**TASK ITEM**
Transcribe only the part of the material below that begins at the line containing "Stengiantis kuo labiau" and ends at the line containing "A photorealistic image", with both kept and images left out.

**DATASET**
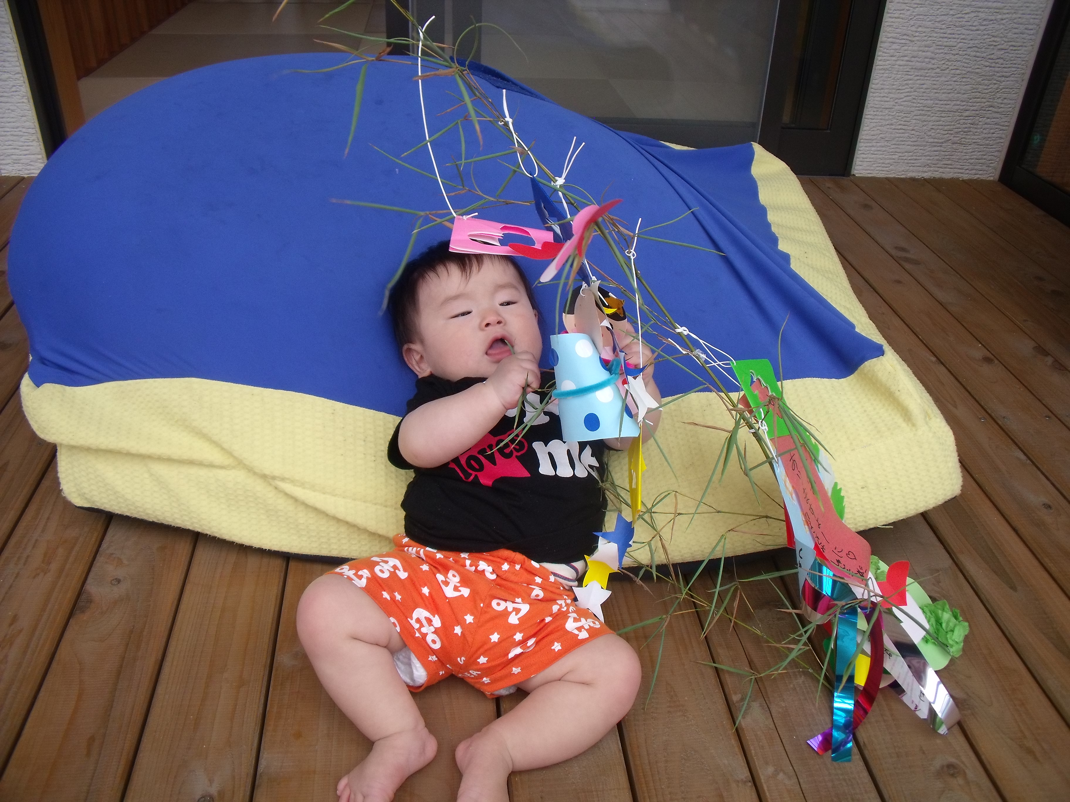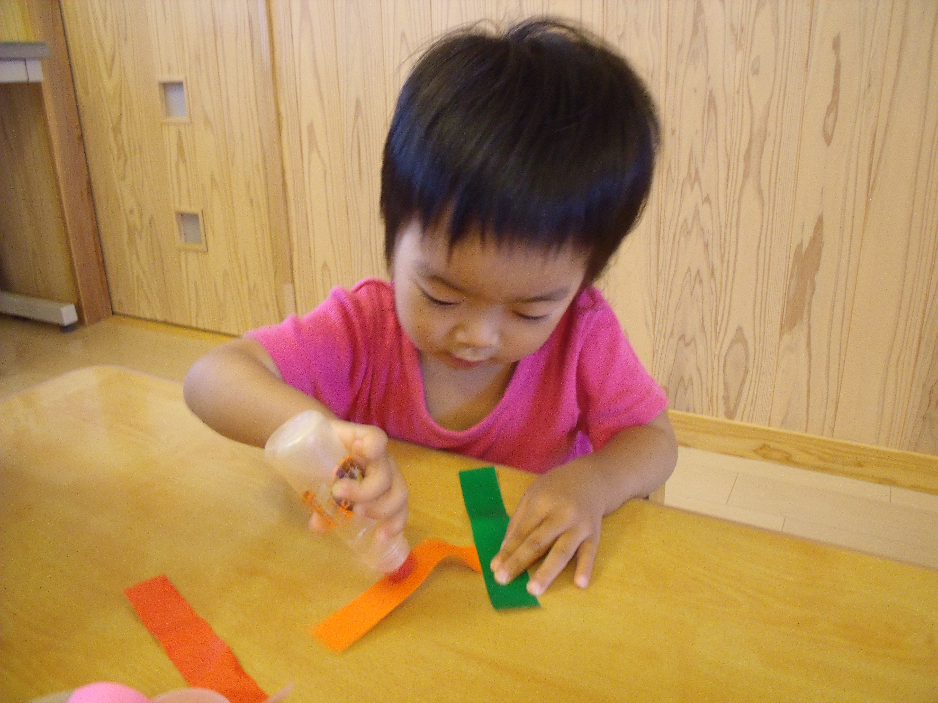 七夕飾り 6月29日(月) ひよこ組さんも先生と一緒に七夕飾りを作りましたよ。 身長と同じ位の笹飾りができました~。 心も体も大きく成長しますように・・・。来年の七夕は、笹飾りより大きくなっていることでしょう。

...

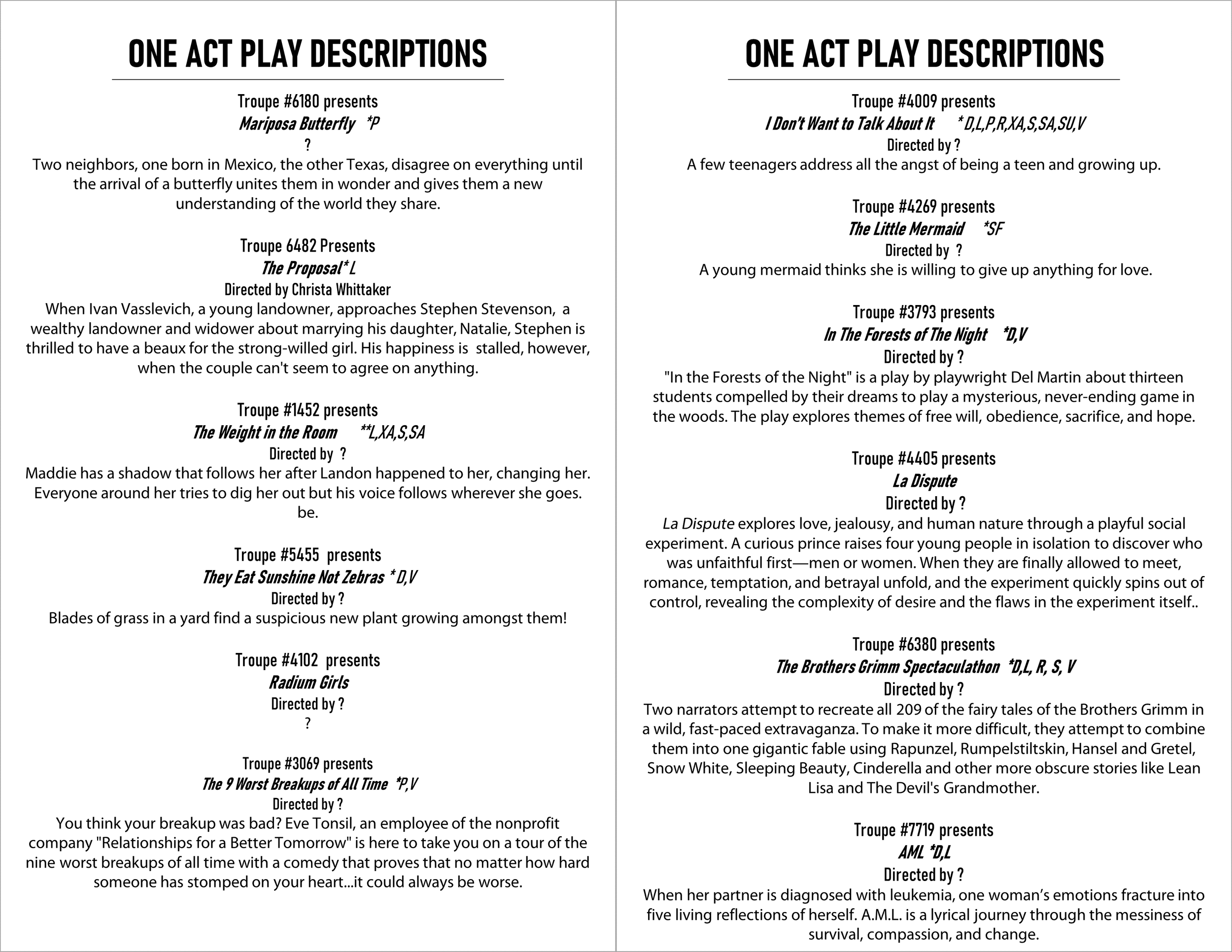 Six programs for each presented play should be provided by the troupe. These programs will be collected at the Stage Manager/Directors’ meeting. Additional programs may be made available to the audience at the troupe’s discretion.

---

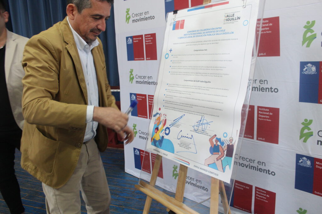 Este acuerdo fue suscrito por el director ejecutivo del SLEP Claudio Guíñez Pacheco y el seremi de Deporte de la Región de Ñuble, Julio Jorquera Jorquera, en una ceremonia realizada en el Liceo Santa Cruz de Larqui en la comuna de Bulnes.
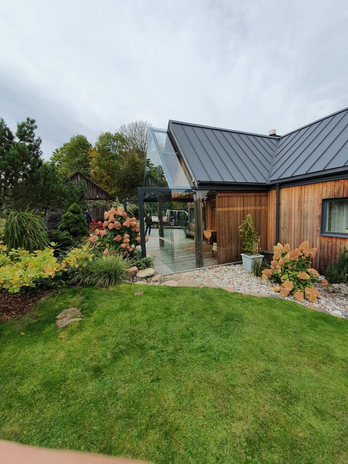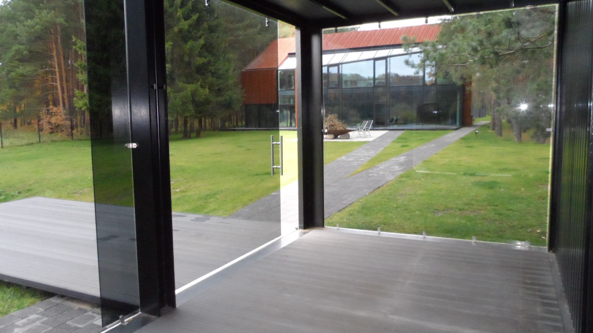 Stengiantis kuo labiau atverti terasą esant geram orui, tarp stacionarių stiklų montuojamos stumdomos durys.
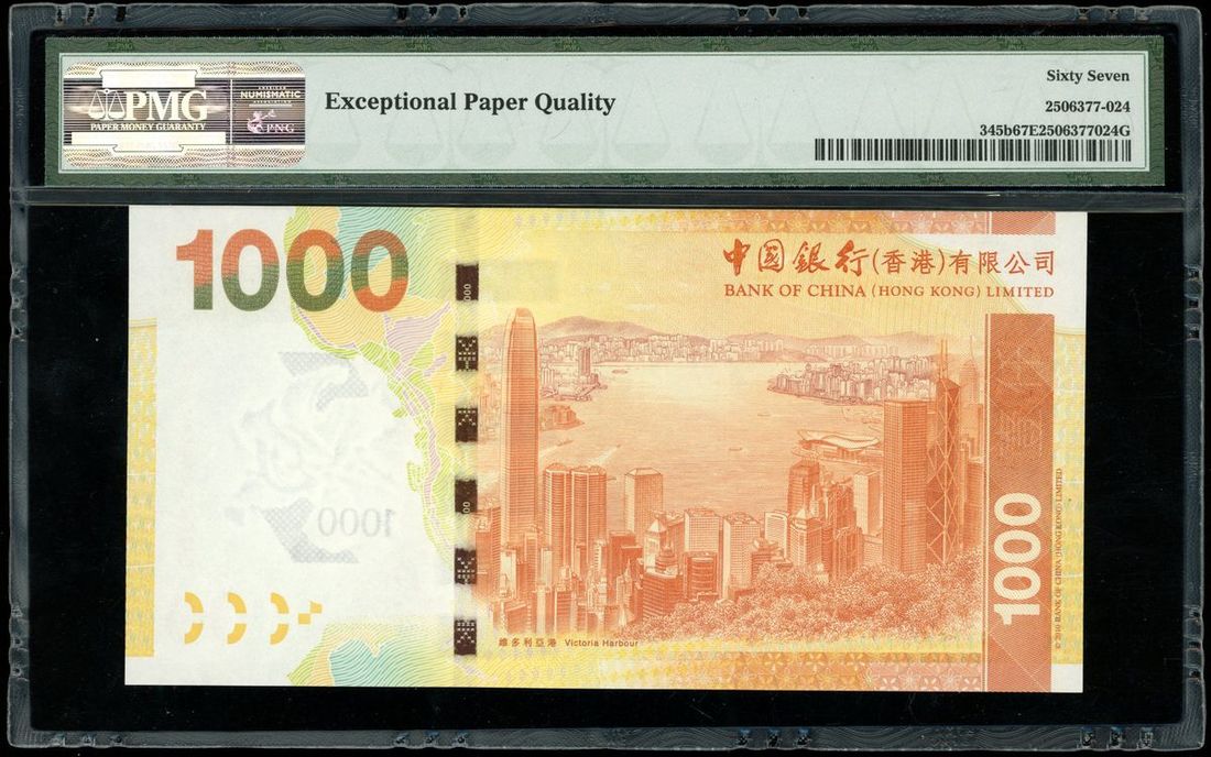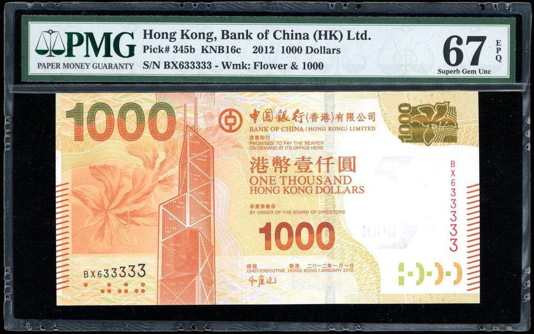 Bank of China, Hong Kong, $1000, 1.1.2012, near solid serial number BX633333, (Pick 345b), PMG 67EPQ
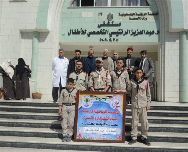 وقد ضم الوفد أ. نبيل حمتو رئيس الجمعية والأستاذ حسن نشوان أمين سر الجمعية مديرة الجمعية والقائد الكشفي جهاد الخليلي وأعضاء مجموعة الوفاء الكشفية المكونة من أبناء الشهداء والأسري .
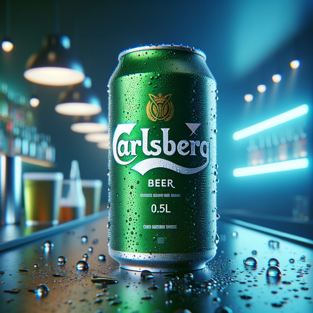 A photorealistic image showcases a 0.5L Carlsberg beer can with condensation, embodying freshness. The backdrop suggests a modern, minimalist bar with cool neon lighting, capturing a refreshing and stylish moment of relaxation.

**RESULT FOR THIS EXERCISE**
 Stengiantis kuo labiau atverti terasą esant geram orui, tarp stacionarių stiklų montuojamos stumdomos durys.
 Bank of China, Hong Kong, $1000, 1.1.2012, near solid serial number BX633333, (Pick 345b), PMG 67EPQ
 وقد ضم الوفد أ. نبيل حمتو رئيس الجمعية والأستاذ حسن نشوان أمين سر الجمعية مديرة الجمعية والقائد الكشفي جهاد الخليلي وأعضاء مجموعة الوفاء الكشفية المكونة من أبناء الشهداء والأسري .
 A photorealistic image showcases a 0.5L Carlsberg beer can with condensation, embodying freshness. The backdrop suggests a modern, minimalist bar with cool neon lighting, capturing a refreshing and stylish moment of relaxation.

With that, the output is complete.